President Kaljulaid participates in military memorial service on Christmas Eve ({{contentCtrl.commentsTotal}})

At the memorial service, Dec. 24, 2016.
At the memorial service, Dec. 24, 2016. Source: (Arno Mikkor)

President Kersti Kaljulaid said on Saturday that she respected people’s wish and tradition to make the church part of their everyday lives, but that at the same time that she also understood the wish not to do so.

The president wrote on social media that she had participated in the yearly Christmas memorial service of the Estonian Defence Forces’ Headquarters Support and Signal Battalion and Guard Battalion. “When I’m invited, because those arranging it wish to do so, then of course I go. Today is one of these days,” Kaljulaid wrote.

She added that in her opinion, it wasn’t important who believed in what. What mattered was that there were many different world views.

“I have said this before: I respect people’s freedom of religion. I understand very well how important Christmas is to christians. And not only to christians, but also to plenty of other Estonians, who usually have much more reserved relations with religion. I respect the work the congregations do to help the weakest members of society. And I respect the wish and tradition to include the church in people’s everyday lives, just like I find the wish understandable not to do so. During Christmas as well as in other times,” Kaljulaid wrote.

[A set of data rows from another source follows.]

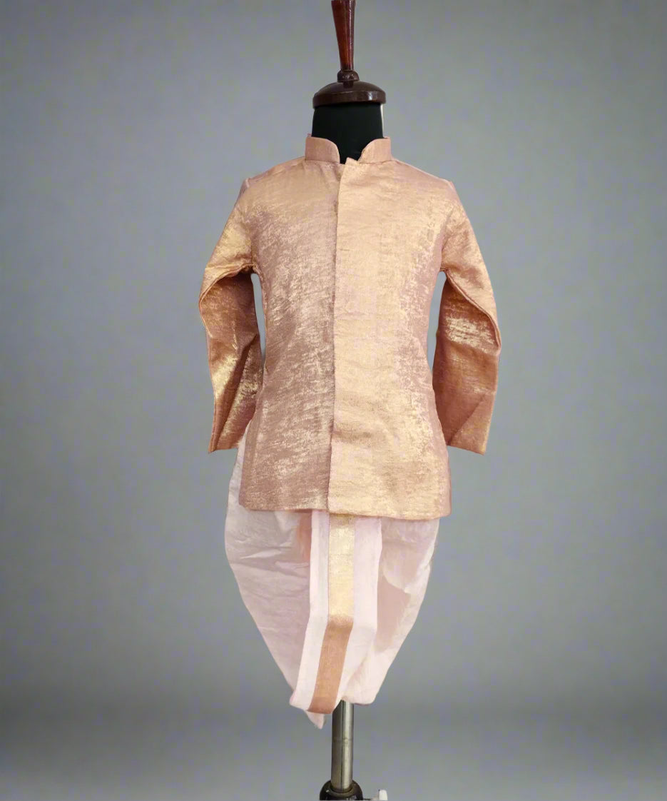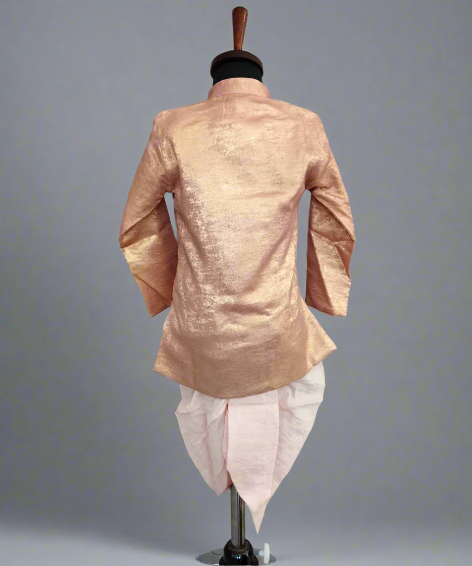 Adorable peach shimmer cotton dhoti kurta set for infant and toddler boys, crafted for ages 0-3 months to 2-3 years—available at the best kids clothing store in Jaipur and top-rated kidswear shop in Jaipur.
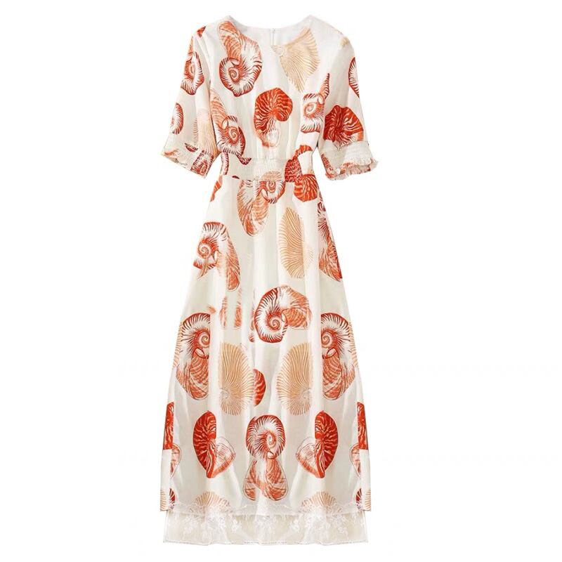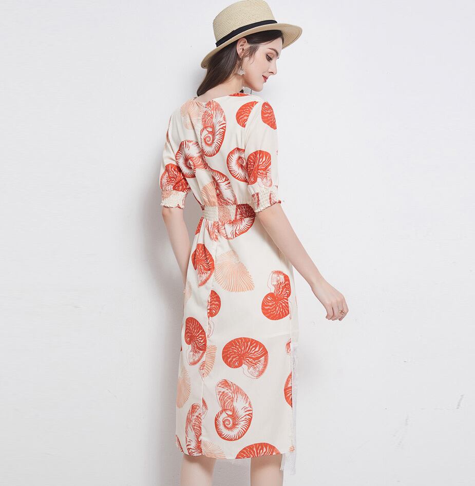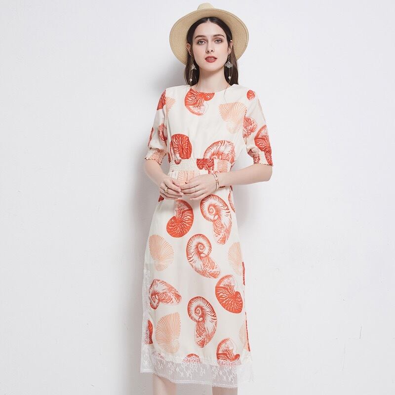 Piinkoz デザイナーファッション夏カジュアルプリント弾性ウエストミディドレス女性 O ネックパッチワークレーススプリットハイウエストヴィンテージ ハイウェスト エラスティック 伸縮 サマー 夏物 Oネック ビンテージ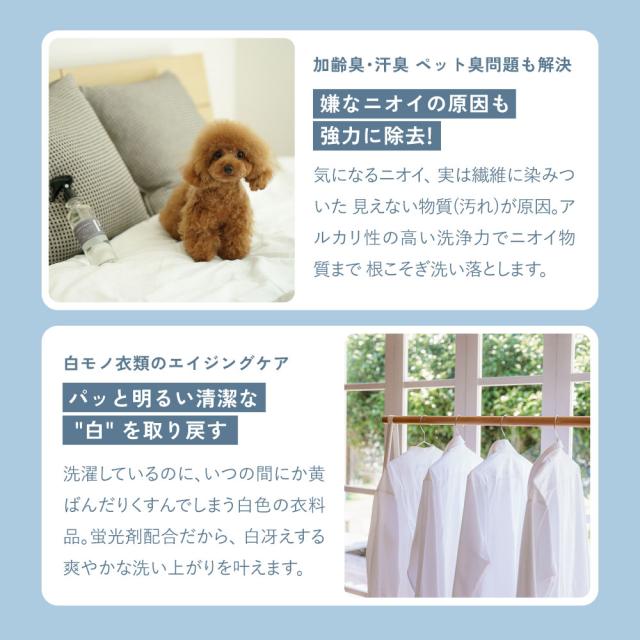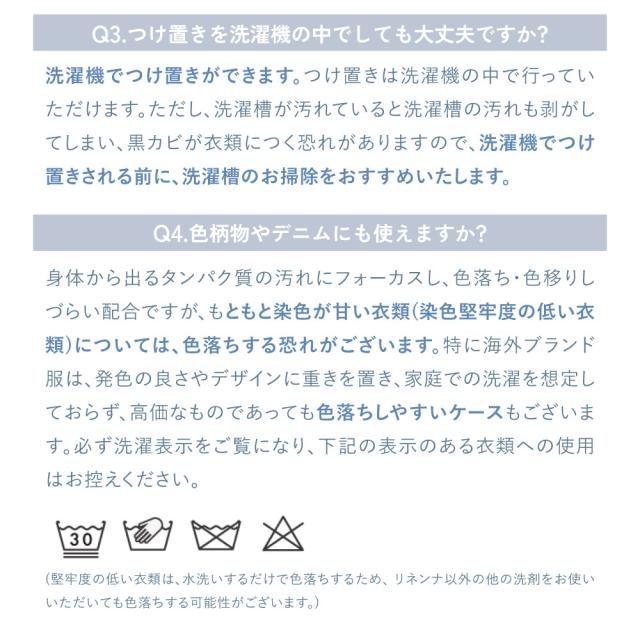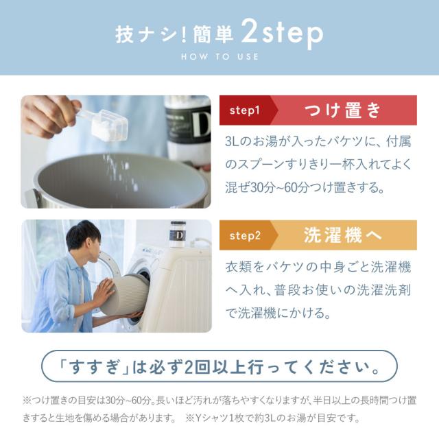 面倒なもみ洗いの時間を減らし、つけ置きすることで、衣類のニオイや汚れを落とします。
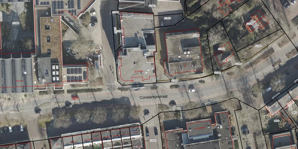 Het perceel waarop Constantijnstraat 30-02 staat heeft een oppervlakte van 1177 m². Dit is een zeer groot perceel. De perceeloppervlakte wordt geregistreerd door het Kadaster. Gedetailleerde informatie over de maten van dit perceel kunt u vinden in het rapport Kadastrale kaart met maatvoering van Constantijnstraat 30-02.

The president had written earlier that her most important wish for Christmas was that everybody could spend this time with those closest to them, to spend time together, and do the things that mattered to them.

“There are always people who have to be at work on these days so that we can have peace of mind and celebrate the holidays. They have my sincere gratitude,” the president wrote.

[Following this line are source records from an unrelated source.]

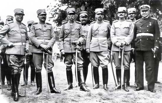 Генерали и адмирали Краљевине Југославије. Слева на десно: Милан Недић, Милош Јовановић, Петар Бојовић, Љубомир Максимовић, Ђура Докић, Емило Белић, Миливоје Димитријевић и Виктор Викерхаузер, 8. септембра 1930. године (Википедија)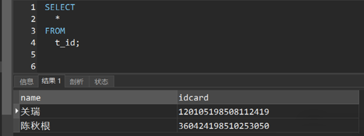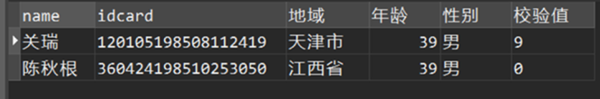 SELECT   `name`,   idcard,CASE      LEFT ( idcard, 2 )       WHEN '11' THEN '北京市'       WHEN '12' THEN '天津市'       WHEN '13' THEN '河北省'       WHEN '14' THEN '山西省'       WHEN '15' THEN '内蒙古自治区'       WHEN '21' THEN '辽宁省'       WHEN '22' THEN '吉林省'       WHEN '23' THEN '黑龙江省'       WHEN '31' THEN '上海市'       WHEN '32' THEN '江苏省'       WHEN '33' THEN '浙江省'       WHEN '34' THEN '安徽省'       WHEN '35' THEN '福建省'       WHEN '36' THEN '江西省'       WHEN '37' THEN '山东省'       WHEN '41' THEN '河南省'       WHEN '42' THEN '湖北省'       WHEN '43' THEN '湖南省'       WHEN '44' THEN '广东省'       WHEN '45' THEN '广西壮族自治区'       WHEN '46' THEN '海南省'       WHEN '50' THEN '重庆市'       WHEN '51' THEN '四川省'       WHEN '52' THEN '贵州省'       WHEN '53' THEN '云南省'       WHEN '54' THEN '西藏自治区'       WHEN '61' THEN '陕西省'       WHEN '62' THEN '甘肃省'       WHEN '63' THEN '青海省'       WHEN '64' THEN '宁夏回族自治区'       WHEN '65' THEN '新疆维吾尔族自治区'       WHEN '71' THEN '台湾省'       WHEN '81' THEN '香港特别行政区'       WHEN '82' THEN '澳门特别行政区' ELSE '未知'    END AS 地域,   YEAR (   curdate()) -IF   (      length( idcard ) = 18,      substring( idcard, 7, 4 ),   IF   ( length( idcard ) = 15, concat( '19', substring( idcard, 7, 2 )), NULL )) AS 年龄,CASE   IF      (         length( idcard ) = 18,         cast( substring( idcard, 17, 1 ) AS UNSIGNED )% 2,      IF      ( length( idcard )= 15, cast( substring( idcard, 15, 1 ) AS UNSIGNED )% 2, 3 ))       WHEN 1 THEN '男'       WHEN 0 THEN '女' ELSE '未知'    END AS 性别,CASE      ((            SUBSTRING( idcard, 1, 1 )* 7             )+(            SUBSTRING( idcard, 2, 1 )* 9             )+(            SUBSTRING( idcard, 3, 1 )* 10             )+ ( SUBSTRING( idcard, 4, 1 )* 5 )+(            SUBSTRING( idcard, 5, 1 )* 8             )+(            SUBSTRING( idcard, 6, 1 )* 4             )+ ( SUBSTRING( idcard, 7, 1 )* 2 )+(            SUBSTRING( idcard, 8, 1 )* 1             )+(            SUBSTRING( idcard, 9, 1 )* 6             )+ ( SUBSTRING( idcard, 10, 1 )* 3 )+(            SUBSTRING( idcard, 11, 1 )* 7             )+(            SUBSTRING( idcard, 12, 1 )* 9             )+ ( SUBSTRING( idcard, 13, 1 )* 10 )+(            SUBSTRING( idcard, 14, 1 )* 5             )+(            SUBSTRING( idcard, 15, 1 )* 8             )+ ( SUBSTRING( idcard, 16, 1 )* 4 )+(            SUBSTRING( idcard, 17, 1 )* 2          )) % 11       WHEN 0 THEN '1'       WHEN 1 THEN '0'       WHEN 2 THEN 'X'       WHEN 3 THEN '9'       WHEN 4 THEN '8'       WHEN 5 THEN '7'       WHEN 6 THEN '6'       WHEN 7 THEN '5'       WHEN 8 THEN '4'       WHEN 9 THEN '3'       WHEN 10 THEN '2' ELSE '未知'    END AS 校验值 FROM    t_id;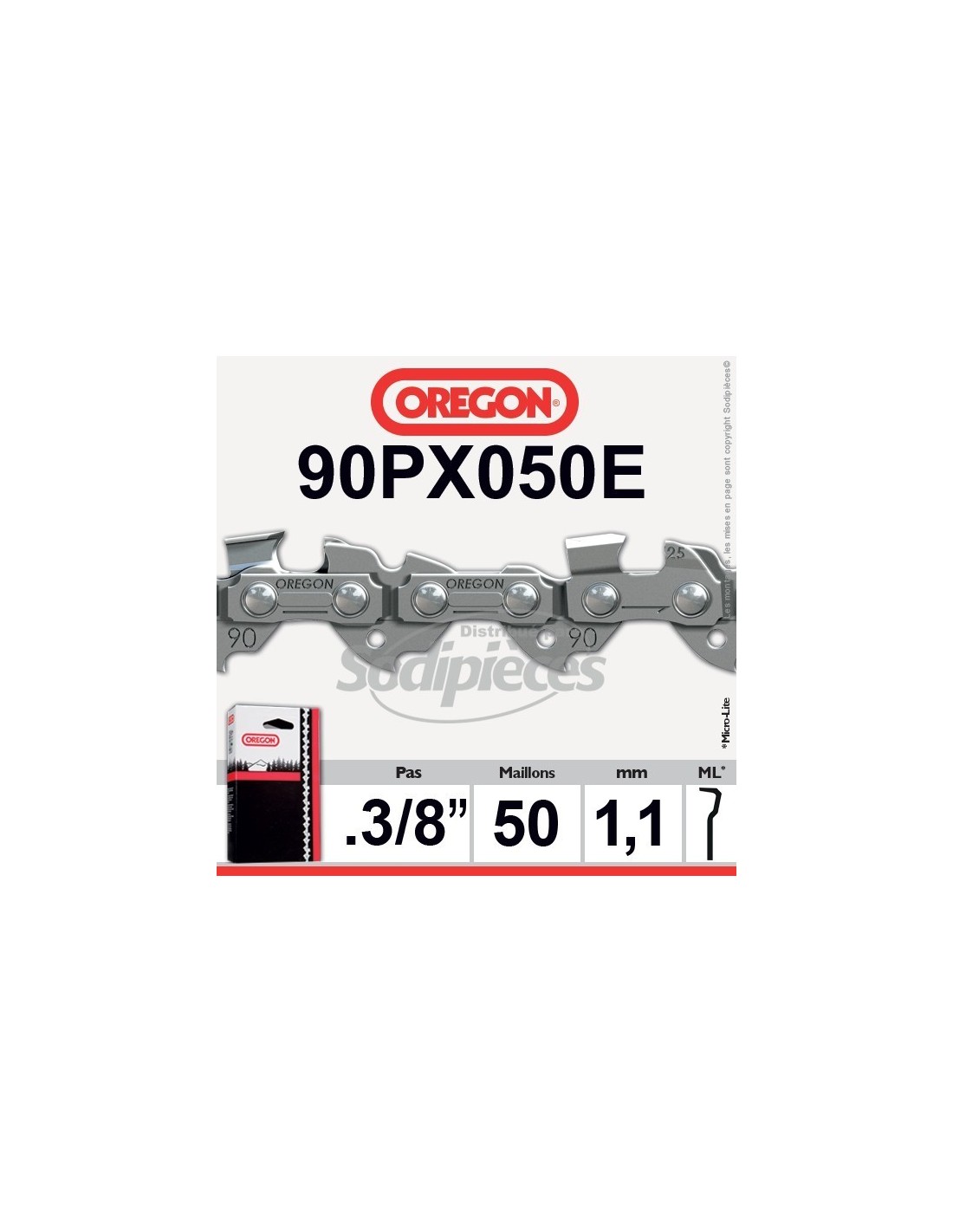 Chaîne tronçonneuse 90PX050E OREGON. 3/8". 1,1 mm. 50 maillons

Kaljulaid faced support as well as criticism after she declined to have her election and assumption of office followed by a church service, as her predecessors had done. As the church was not part of her everyday life, accepting would have been hypocritical, the president stated back then.

Estonia is the least religious country in the world, with as many as 84% of the population saying that religion plays little or no part in their daily lives.